Effect of N-acetyl cysteine (NAC) pre-treatment on high glucose/high palmitic acid-induced apoptosis in Rin-5F cells. Apoptosis was measured in Rin-5F cells treated with different doses of palmitic acid under high glucose conditions by flow cytometry. Percentage of apoptotic cells is represented as a histogram (A), which is expressed as mean +/− SEM of three experiments. Asterisks indicate significant differences (** p ≤ 0.01) relative to untreated control cells under normal glucose conditions, (ΔΔ p ≤ 0.01) and (ΔΔΔ p ≤ 0.001)relative to untreated control cells under high glucose conditions, (€ p ≤ 0.05) relative to 0.06 mM palmitic acid in the presence of high glucose, (○ p ≤ 0.05) relative to 0.3 mM palmitic acid in the presence of high glucose. DNA fragmentation was analyzed by agarose gel (2%) electrophoresis and ethidium bromide staining (B). Staining of fragmented nuclei of treated cells was performed using Hoechst33342 dye (C). Reduced staining with the dye was an indication of apoptotic nuclei Representative slides from three experiments are shown. Original magnification ×200.

Figure 9

Effect of NAC pre-treatment on the expression of autophagy and cell signaling markers in high glucose/high palmitic acid-treated Rin-5F cells. Total extracts (30 µg protein) from treated cells were separated on 12% SDS-PAGE and transferred onto nitrocellulose paper by Western blotting. LC3, mTOR, and AMPK proteins were detected using specific antibodies against these proteins. Beta-actin was used as loading control. The quantitation of the protein bands is expressed as relative ratios normalized against actin or other specific proteins as appropriate, and histograms are expressed as mean +/− SEM of three experiments. The blots shown are representative of three experiments. Asterisks indicate significant differences (* p ≤ 0.05) relative to untreated control cells under normal glucose conditions, (Δ p ≤ 0.05) relative to untreated control cells under high glucose conditions, (€ p ≤ 0.05) relative to 0.06 mM palmitic acid in the presence of high glucose, (○ p ≤ 0.05) relative to 0.3 mM palmitic acid in the presence of high glucose.

Figure 10

Schematic model representing the cytoprotective mechanisms of NAC in glucolipotoxicity-induced Rin-5F cells. High glucose/high fatty acids have been shown to cause increased oxidative stress, DNA breakdown, and mitochondrial dysfunction, causing activation of caspases and leading to apoptosis.
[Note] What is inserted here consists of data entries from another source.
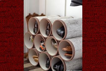 1) Rangement chaussures en tubes empilés
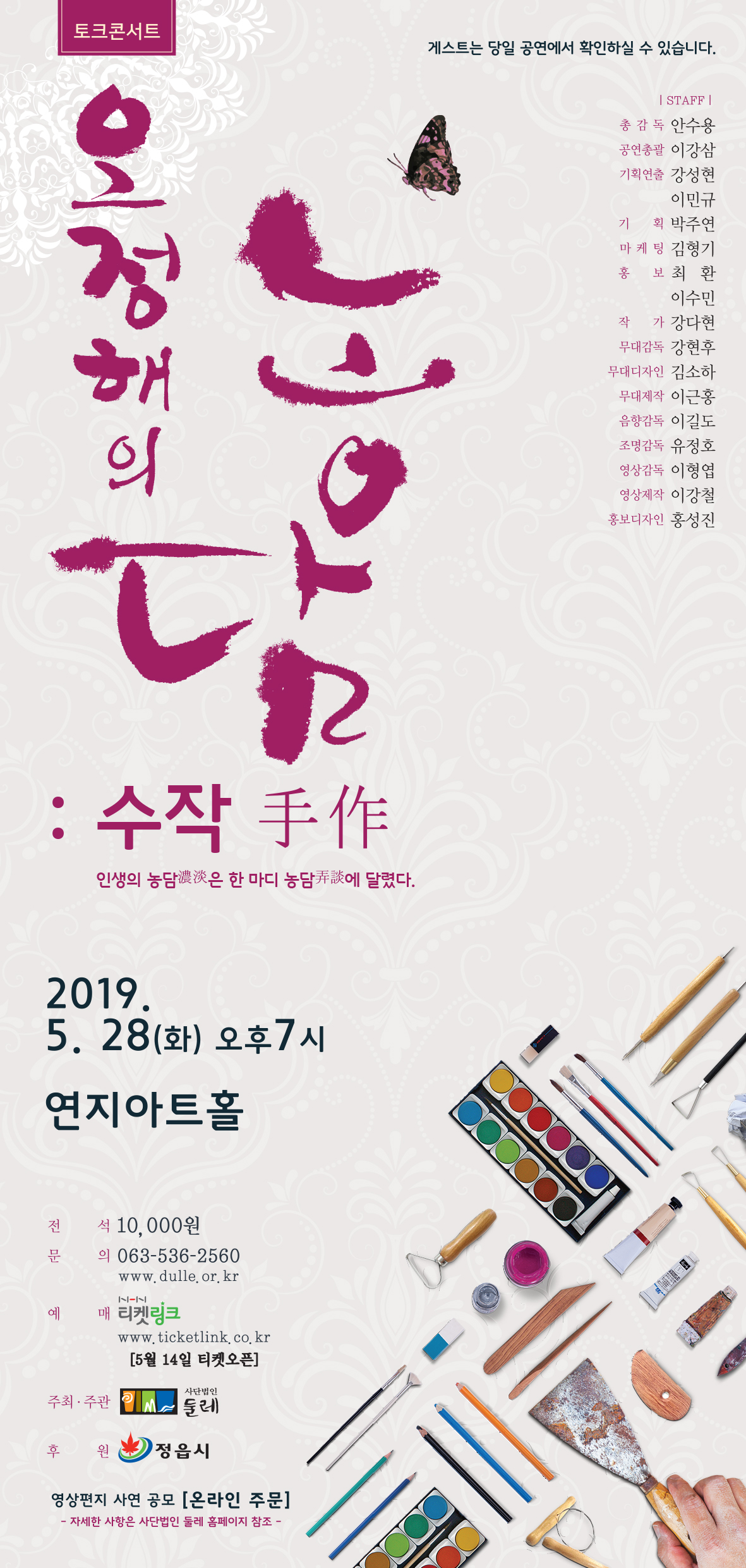 매월 마지막 주 화요일에 찾아오는 토크 콘서트 오정해의 농담, 그 세 번째 시간인 ‘수작 手作’이 오는 5월 28일 오후 7시,
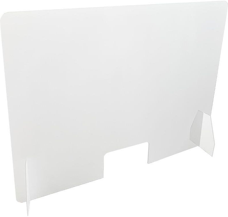 Niezbędne wyposażenie w każdym miejscu sprzedaży, czy informacji – wszędzie tam, gdzie dochodzi do bezpośredniego kontaktu z klientem lub pacjentem. Ścianka wykonana jest tworzywa o grubości 3 mm. Występują dwa formaty 750×1000 oraz 750×500 mm, a każda ścianka ochronna wyposażona jest w wycięte okienko umożliwiające np. płatność lub wymianę towaru. Okienko posiada wymiar 120×250 mm. Ścianka ochronna dostarczona jest w trzech częściach do bardzo prostego montażu – wystarczy tylko wsunąć nóżki i produkt jest gotowy do użycia. Prosta i przemyślana ścianka ochronna, wykonana z tworzywa o grubości 3 mm Ścianka posiada wycięte okienko umożliwiające np. płatność bezdotykową. Wsuwane nóżki gwarantują stabilność. Ściankę zabezpiecza folia ochronna, którą należy zdjąć przed użyciem. Termin realizacji: ok. 14 dni
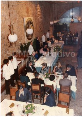 Plano superior sobre a sala ogival do Castelo de São Jorge, onde se encontram vários homens e mulheres a confraternizar.
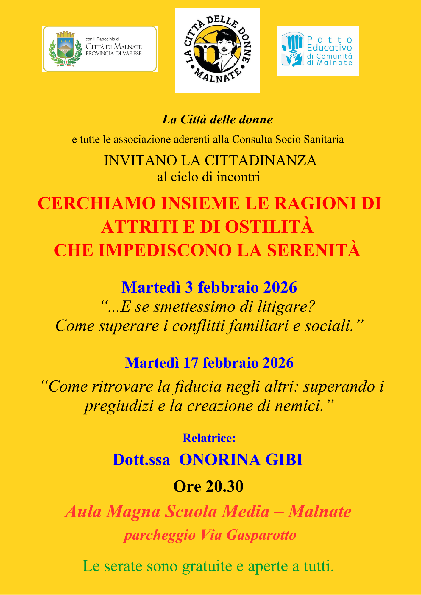 La Città delle donne con il patrocinio del Comune di Malnate e del Patto Educativo
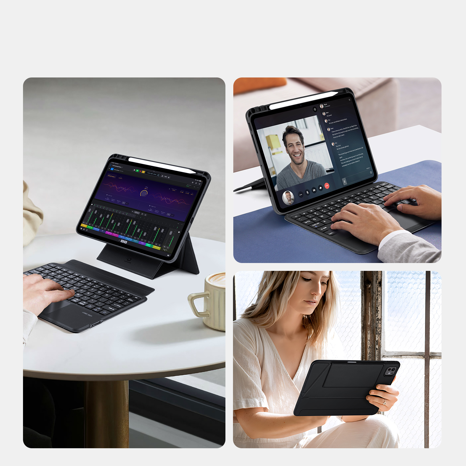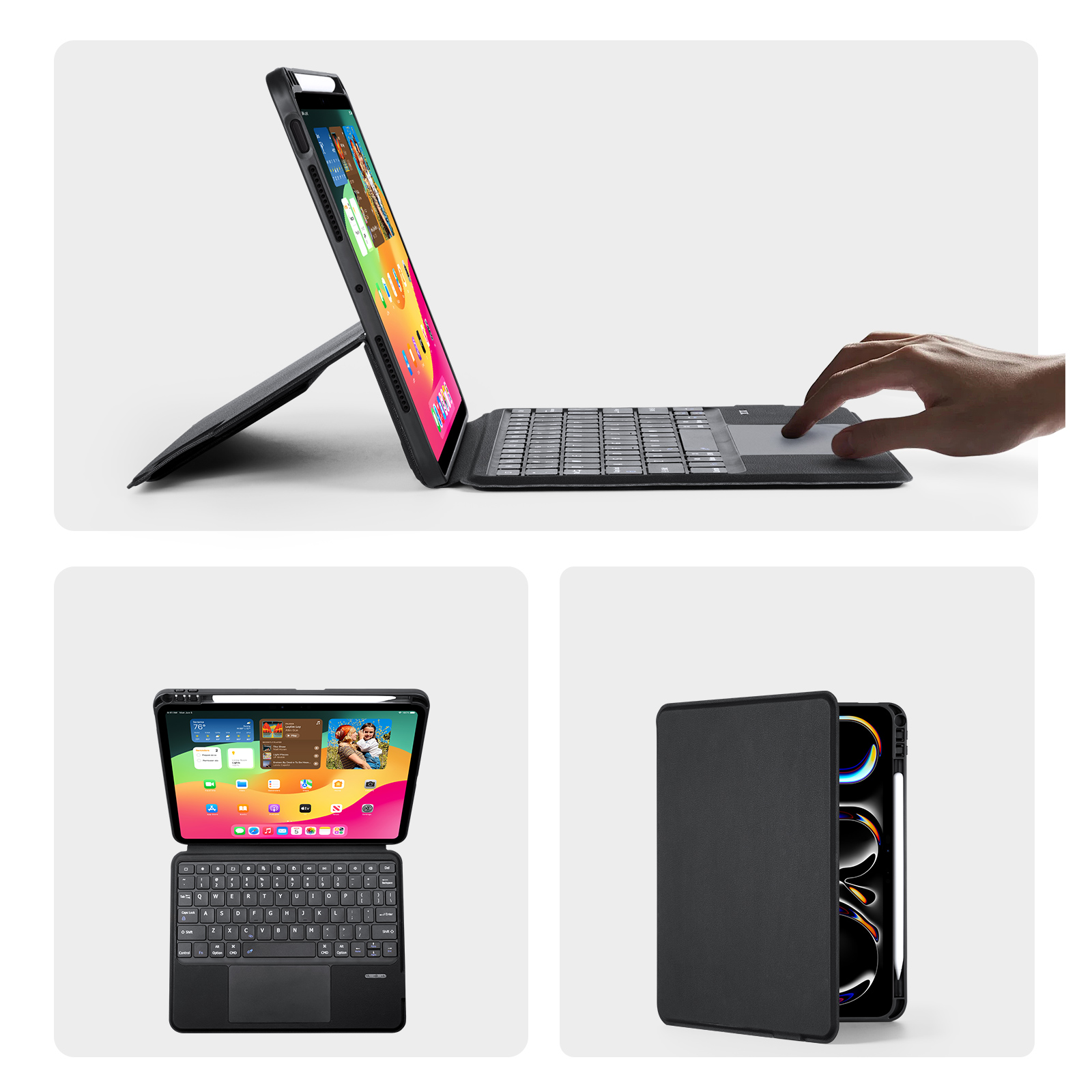 Защитный чехол подставка с клавиатурой (RUS) от Dux Ducis для планшета iPad Pro 11 (2024-), серия DK Series Keyboard, русская клавиатура с подсветкой
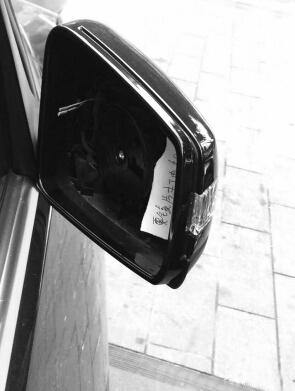 多辆豪车后视镜被偷 小偷留纸条称“付钱就还”
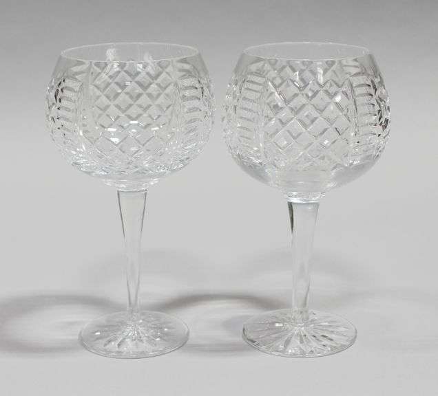 Heavy cut crystal wine glasses, one with a blank rectangular monogram panel and both with etched logo mark.

Glucolipotoxicity has also been shown to cause alterations in the expression of autophagy and cell signaling markers. As shown in the model, NAC protects the cells from the glucolipotoxicty-induced mitochondrial and metabolic stress by enhancing autophagy, leading to suppression of apoptosis, thus reducing oxidative stress. GDH: glutamate dehydrogenase, HK: hexokinase, G6PDH; glucose-6-phosphate dehydrogenase, Cyt c; cytochrome c.